*Task brief*
I would like the lines below, from the one with "Dainty round diamonds" through the one with "麥凱恩和奧巴馬在第二場(chǎng)辯論前向觀眾揮手致意。", copied exactly and without any pictures.

*Input records*
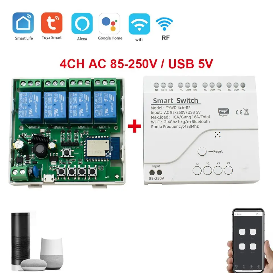 Smart Life Tuya WIFI 4CH 5V / 85-250V Door Gate Garage Opener Inching Relay Module w/ RF433Mhz
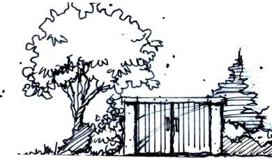 Materials: Garden/decorative walls may be of brick, stone, wrought iron, or stucco matching the principal building. Retaining walls shall be wood, brick, stone or stucco. Front yard fences shall be wood picket, wrought iron or materials similar in appearance and durability. Side and rear yard fences may be green or black chain link, wood, wrought iron, or similar material.
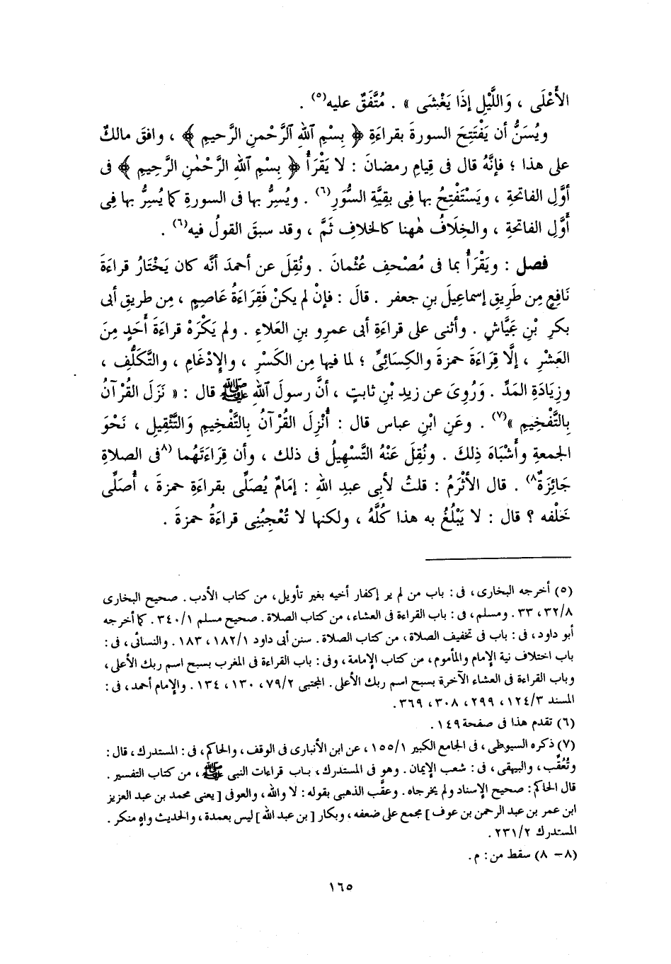 فصل: ويَقْرَأُ بما في مُصْحفِ عُثْمانَ. ونُقِلَ عن أحمدَ أنَّه كان يَخْتَارُ قراءَةَ نَافِعٍ مِن طَرِيقِ إسماعِيلَ بنِ جعفر. قالَ: فإنْ لم يكنْ فَقِرَاءَةُ عَاصِمٍ، مِن طريقِ أبي بكرِ بْنِ عَيَّاشٍ. وأثنى على قراءَةِ أبي عمرِو بنِ العَلاءِ. ولم يَكْرَهْ قراءَةَ أَحَدٍ مِنَ العَشْرِ، إلَّا قِرَاءَةَ حمزةَ والكِسَائِىِّ؛ لما فيها مِن الكَسْرِ، والإِدْغَامِ، والتَّكَلُّفِ، وزِيَادَةِ المَدِّ. وَرُوِىَ عن زيدِ بْنِ ثابتٍ، أنَّ رسولَ اللهِ -صلى اللَّه عليه وسلم- قال: "نَزَلَ القُرْآنُ بِالتَّفْخِيمِ" (٧). وعَنِ ابْنِ عباس قال: أُنْزِلَ القُرْآنُ يالتَّفْخِيمِ وَالتَّثْقِيلِ، نَحْوَ الجمعةِ وأَشْبَاهَ ذِلكَ. ونُقِلَ عَنْهُ التَّسْهِيلُ في ذلك، وأن قِرَاءَتَهُما [في الصلاةِ جَائِزَةٌ] (٨). قال الأثْرَمُ: قلتُ لأبِى عبدِ اللهِ: إمَامٌ يُصَلِّى بقراءَةِ حمزةَ، أُصَلِّى خَلْفه؟ قال: لا يَبْلُغُ به هذا كُلَّهُ، ولكنها لا تُعْجِبُنِى قراءَةُ حمزةَ.
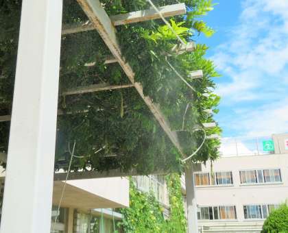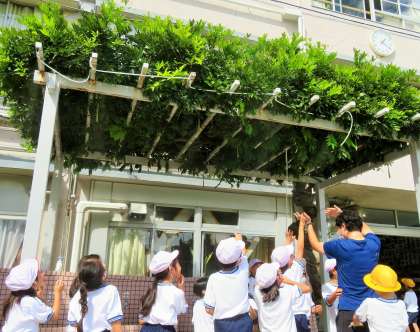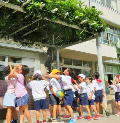 昼休み後に、ミストシャワーを浴びる1年生の様子です。
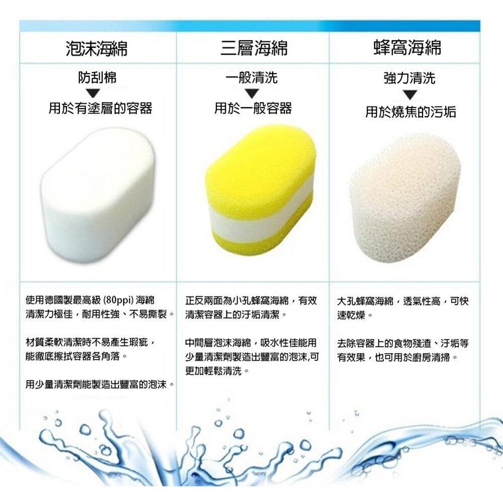 * 使用德國製最高級 (80ppi) 海綿,高密度不易撕裂,能產生豐富泡沫有利清潔
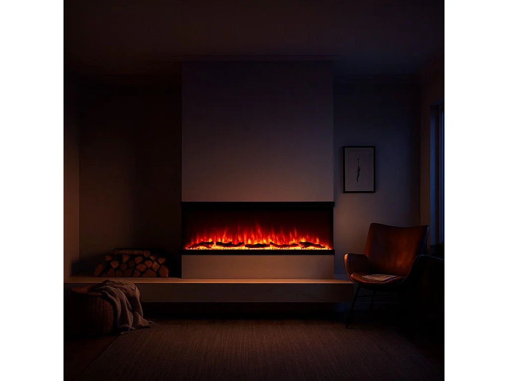 Lareira elétrica de parede, lareira embutida de 3 lados, BOSTON130 C127 x P20 x A44
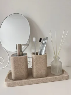 Набор аксессуаров для ванной комнаты, 3 предмета, бежевый
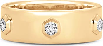 Dainty round diamonds sparkle from the raised honeycombs of a highly polished band crafted from warm 18-karat gold.
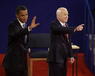 麥凱恩和奧巴馬在第二場(chǎng)辯論前向觀眾揮手致意。
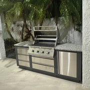 Upgrade your backyard into a fully functional, stylish outdoor kitchen with the Napoleon Oasis 100 Outdoor Kitchen Island, complete with a built-in 500 Series 32-Inch Gas Grill and a sleek Valet Gray Granite Countertop. Designed for compact spaces without compromising on performance, this modular island kit offers smart storage, high-end finishes, and pro-level grilling power. Featuring durable stainless steel doors and powder-coated galvanneal steel cabinetry, it’s built to stand up to the elements while adding a refined look to your outdoor space.

*Solved problem*
 Dainty round diamonds sparkle from the raised honeycombs of a highly polished band crafted from warm 18-karat gold.
 麥凱恩和奧巴馬在第二場(chǎng)辯論前向觀眾揮手致意。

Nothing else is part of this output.